Helen M. Roe  (18 December 1895 – 28 May 1988), was an Irish librarian and antiquary, a champion of medieval Irish art and iconography.

Early life and education
Born in 1895, Helen Maybury Roe was the daughter of William Ernest Roe and Anne Lambert Sheilds of Mountrath, Laois. Her grandfather was Francis Henry Sheilds of Parsonstown, owner of the King's County Chronicle. She was sent first to the local primary school and then to the Preston School in Abbeyleix. Although she attended Trinity College, Dublin, she didn't begin her career due to the outbreak of World War I. She joined the St John's Ambulance Brigade and served at the Cambridge Military Hospital and at Aldershot Barracks. In the immediate aftermath she continued her medical career with the Military Hospital in Bray, County Wicklow.

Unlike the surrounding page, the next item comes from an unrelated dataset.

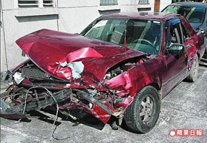 黃清海撞車后車頭全毀(下),后遇警員竟跳湖躲在岸邊樹叢(上)。來源:臺灣《蘋果日報》
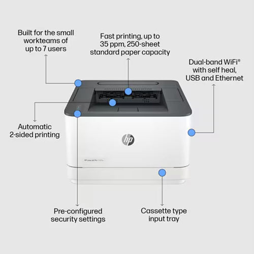 The HP LaserJet Pro 3001dw is a powerful and compact monochrome laser printer designed to deliver ultra-fast, secure, and wireless printing. Whether you're managing a small office, startup, or professional workspace in Bangladesh, this printer ensures high-volume efficiency without compromising quality.

She also spent time touring in Europe visiting museums and beginning her appreciation for medieval art. Roe had been raised Protestant and had done her duty as part of the aristocracy by serving in the war. But the soldiers had treated her as Irish and abused her especially during the Easter rising. The result was that Roe supported nationalism from then on. She went back to TCD and completed her degree in modern languages in 1921. She finally completed her M.A. in 1924 and began a teaching career. She spent time working in The Royal School, Dungannon, and Alexandra College, Dublin.

Career
In 1926 her parents needed her and she returned home. In 1926, she became the County Librarian in Laois. While working as a librarian Roe was able to study further and, as a rare person with a car, she toured sites and visited schools. One result of her presentations to schools was to inspire Ireland’s first female archaeologist, Ellen Prendergast. In 1940 Roe retired from the library and moved to Dublin where she was able to buy a house and garden. Apart from her antiquarian work she was a regular supporter of charities and was honorary secretary of The Queen's County Protestant Orphan's Society and actively involved in The Dublin University Mission to Chota Nagpur, India.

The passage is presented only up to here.